Royal Caribbean became the last traveling musician. After the market closed on Thursday, it filed a request to sell $ 1 billion in new shares to boost its liquidity. Investors know the drill. They may penalize a company for a dilutive stock offering or a balance sheet fundraiser at first, but the market understands that cruise lines need to raise money now and face the consequences later.

A Santa Clause paddle boarding carrying gift paddles heading for a Royal Caribbean ship.

Image source: Royal Caribbean.

Winter waves

Norwegian Cruise Line and Carnival raised more money in mid-November. Royal Caribbean’s previous equity and debt fundraiser took place in October. It makes sense that cruise lines are relying more on stock offerings and less on debt these days, even if that inflates the number of shares outstanding and dilutes earnings per share.

The cruise industry is already heavily exploited. Thursday’s filing showed Royal Caribbean had a total debt of $ 19.4 billion after its October financings, and even in today’s climate of low interest rates, it’s not like investors will buy. bonds of these troubled companies unless they offer a good yield.

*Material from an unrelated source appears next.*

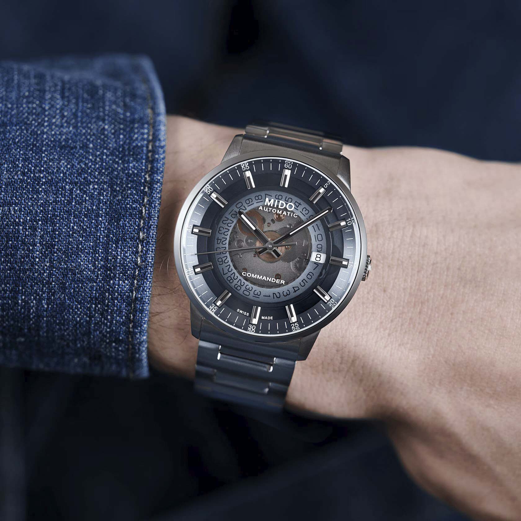 Часы MIDO Commander Gradient (артикул M021.407.11.411.01) — элегантная модель, сочетающая современный дизайн и швейцарское качество. Корпус диаметром 40 мм выполнен из нержавеющей стали с водозащитой до 5 бар (50 метров). Полупрозрачный синий градиентный циферблат с накладными часовыми метками, покрытыми Super-LumiNova®Люминесцентное покрытиеПозволяет считывать показания времени в темноте. Производители наносят на стрелки, часовые индексы, безель или поверхность циферблата светонакопительный состав, дающий холодное свечение., защищён сапфировым стекломСапфировое стеклоПрочный и надёжный материал из кристалла сапфира синтетического происхождения, характеризующийся особой твёрдостью и устойчивостью к царапинам и повреждениям..

Printing new stocks also makes more sense as their stock prices have climbed in recent months.

Carnival, Royal Caribbean and Norwegian Cruise Line remain among Wall Street’s biggest losers in 2020, but in the months since their spring trough, Royal Caribbean has more than quadrupled, while its peers roughly tripled. These stock market gains are quite remarkable considering that their ships won’t be sailing for some time next year, but you don’t look at a freebie on the upside when you need to raise money and your stock price is surprisingly high. high relative was just months if not weeks before.

Just as bears have different calorie needs during hibernation depending on their size, these cruise line operators have different rates of cash consumption. Here’s how much money each operator spends while their ships are idle.

If projections hold, by raising $ 1 billion, Royal Caribbean adds another three to four months under normal conditions to its cash cushion. With the debts coming due – much of it in a few years, but $ 1.3 billion will mature until 2021 – that money might not last as long as cash consumption rates suggest. No one knows for sure when cruise lines will resume sailing, and between the global recession and the regulatory mandates they will face, the Big Three are unlikely to return directly to profitability as soon as passengers sip margaritas on the decks of the swimming pool. again.

Fundraising is the right call for Royal Caribbean. And given that its stock was, relatively speaking, the best performing in the industry in 2020, a secondary stock offering is the smart move despite the dilution.